***** Data excerpts

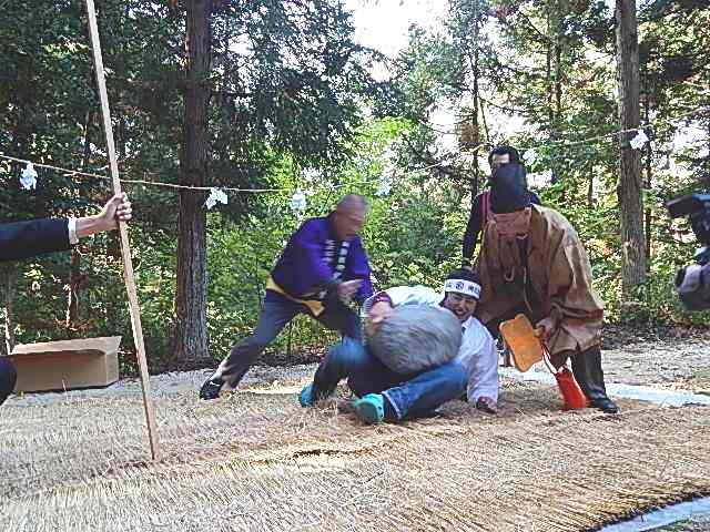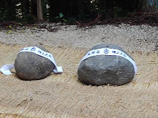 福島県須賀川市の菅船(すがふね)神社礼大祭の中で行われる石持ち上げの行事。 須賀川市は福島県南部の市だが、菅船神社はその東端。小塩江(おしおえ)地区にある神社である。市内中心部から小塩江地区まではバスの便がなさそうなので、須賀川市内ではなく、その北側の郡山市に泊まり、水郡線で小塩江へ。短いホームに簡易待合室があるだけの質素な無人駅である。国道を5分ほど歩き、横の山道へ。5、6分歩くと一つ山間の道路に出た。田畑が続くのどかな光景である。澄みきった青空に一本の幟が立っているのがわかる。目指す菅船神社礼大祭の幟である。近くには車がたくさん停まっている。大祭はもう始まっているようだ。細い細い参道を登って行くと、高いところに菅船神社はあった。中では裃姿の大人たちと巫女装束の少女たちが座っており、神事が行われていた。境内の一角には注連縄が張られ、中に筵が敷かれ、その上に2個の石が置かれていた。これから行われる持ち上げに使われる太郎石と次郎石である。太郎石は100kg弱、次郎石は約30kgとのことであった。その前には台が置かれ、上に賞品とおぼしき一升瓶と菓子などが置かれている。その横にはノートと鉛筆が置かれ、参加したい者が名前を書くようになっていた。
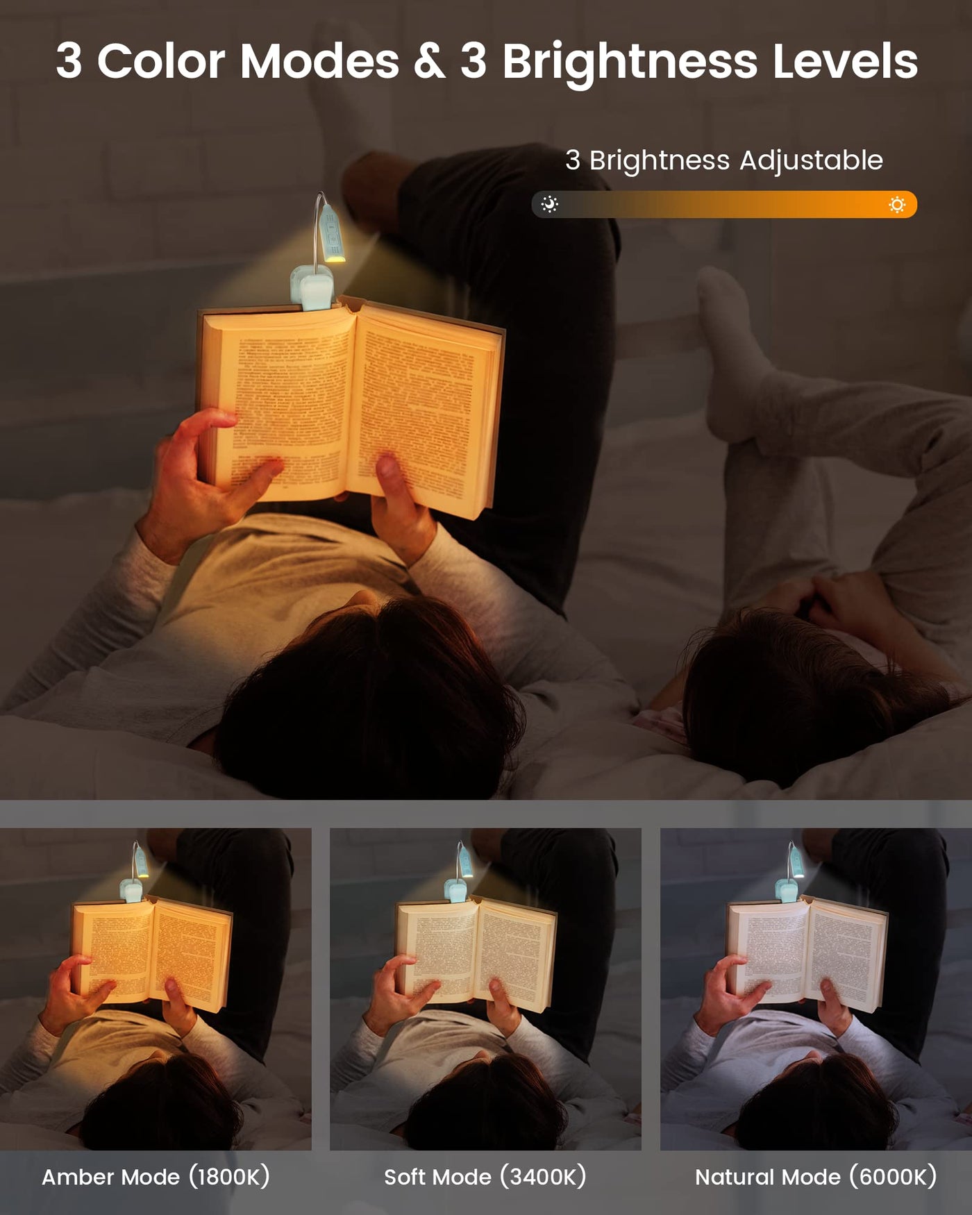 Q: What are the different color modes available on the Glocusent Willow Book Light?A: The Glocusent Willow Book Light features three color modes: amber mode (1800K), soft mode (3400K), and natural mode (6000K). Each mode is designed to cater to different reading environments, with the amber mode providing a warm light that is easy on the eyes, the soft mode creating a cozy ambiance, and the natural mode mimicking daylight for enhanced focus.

**********
***** Data excerpts

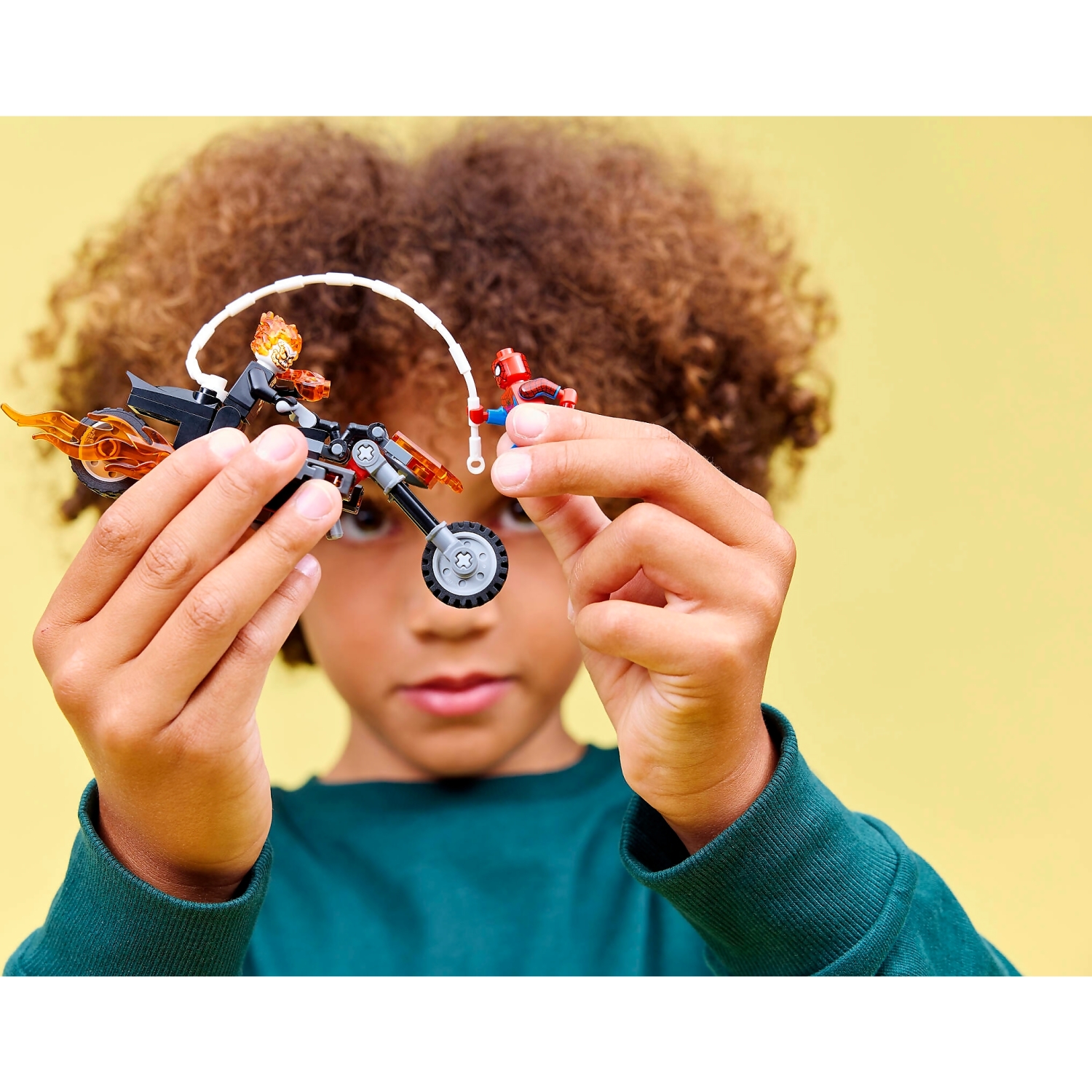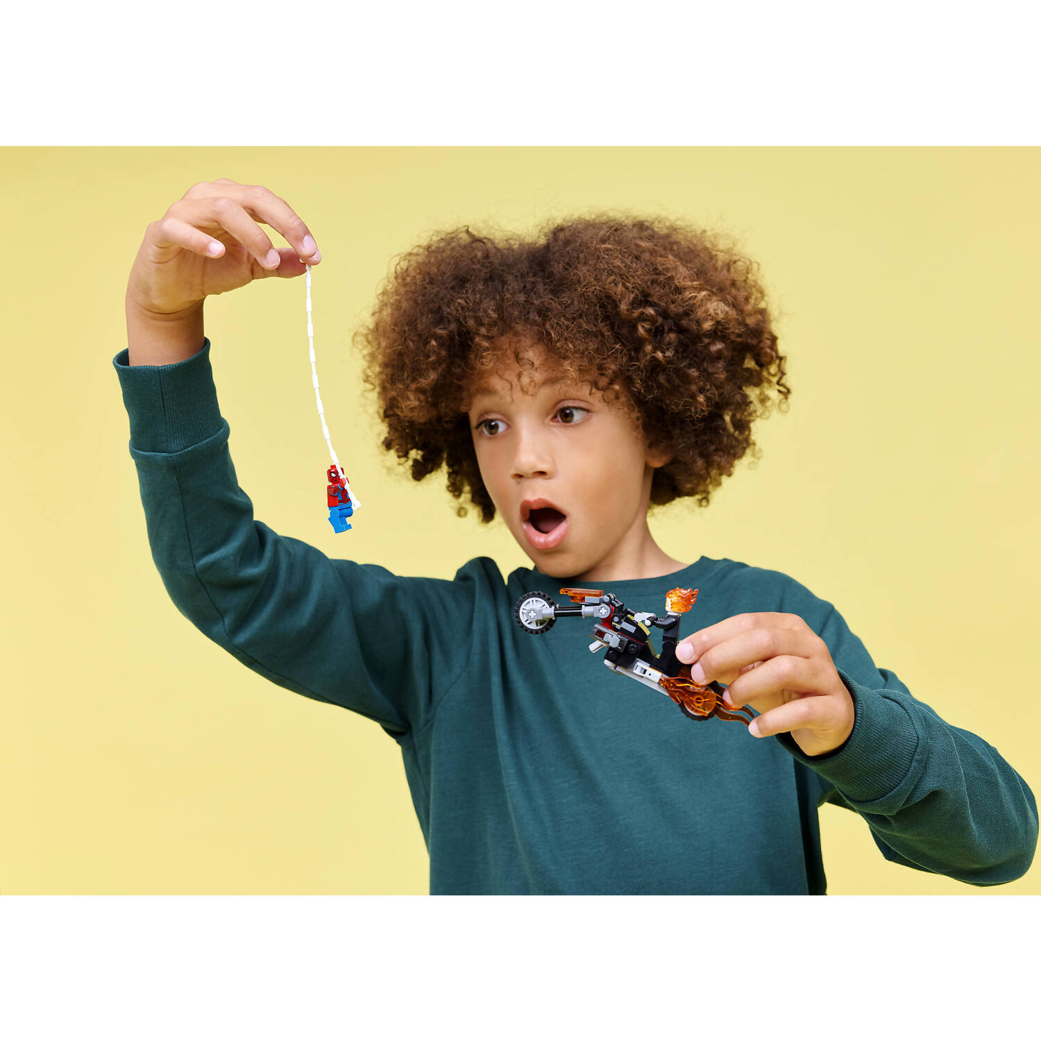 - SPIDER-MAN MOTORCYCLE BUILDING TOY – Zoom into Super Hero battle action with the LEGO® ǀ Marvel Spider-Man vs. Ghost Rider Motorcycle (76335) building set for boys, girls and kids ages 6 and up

**********
***** Data excerpts

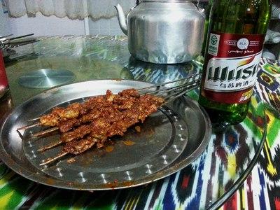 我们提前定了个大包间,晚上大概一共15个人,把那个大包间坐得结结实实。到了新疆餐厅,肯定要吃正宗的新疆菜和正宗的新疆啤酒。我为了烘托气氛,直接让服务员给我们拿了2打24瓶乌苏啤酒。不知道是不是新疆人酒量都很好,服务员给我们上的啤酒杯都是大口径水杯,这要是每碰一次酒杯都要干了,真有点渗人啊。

**********

● **Prompt**
Write out exactly the lines above between the one with "福島県須賀川市の菅船(すがふ" and the one with "Q: What are", inclusive, with pictures left out.

● **Written response**
 福島県須賀川市の菅船(すがふね)神社礼大祭の中で行われる石持ち上げの行事。 須賀川市は福島県南部の市だが、菅船神社はその東端。小塩江(おしおえ)地区にある神社である。市内中心部から小塩江地区まではバスの便がなさそうなので、須賀川市内ではなく、その北側の郡山市に泊まり、水郡線で小塩江へ。短いホームに簡易待合室があるだけの質素な無人駅である。国道を5分ほど歩き、横の山道へ。5、6分歩くと一つ山間の道路に出た。田畑が続くのどかな光景である。澄みきった青空に一本の幟が立っているのがわかる。目指す菅船神社礼大祭の幟である。近くには車がたくさん停まっている。大祭はもう始まっているようだ。細い細い参道を登って行くと、高いところに菅船神社はあった。中では裃姿の大人たちと巫女装束の少女たちが座っており、神事が行われていた。境内の一角には注連縄が張られ、中に筵が敷かれ、その上に2個の石が置かれていた。これから行われる持ち上げに使われる太郎石と次郎石である。太郎石は100kg弱、次郎石は約30kgとのことであった。その前には台が置かれ、上に賞品とおぼしき一升瓶と菓子などが置かれている。その横にはノートと鉛筆が置かれ、参加したい者が名前を書くようになっていた。
 Q: What are the different color modes available on the Glocusent Willow Book Light?A: The Glocusent Willow Book Light features three color modes: amber mode (1800K), soft mode (3400K), and natural mode (6000K). Each mode is designed to cater to different reading environments, with the amber mode providing a warm light that is easy on the eyes, the soft mode creating a cozy ambiance, and the natural mode mimicking daylight for enhanced focus.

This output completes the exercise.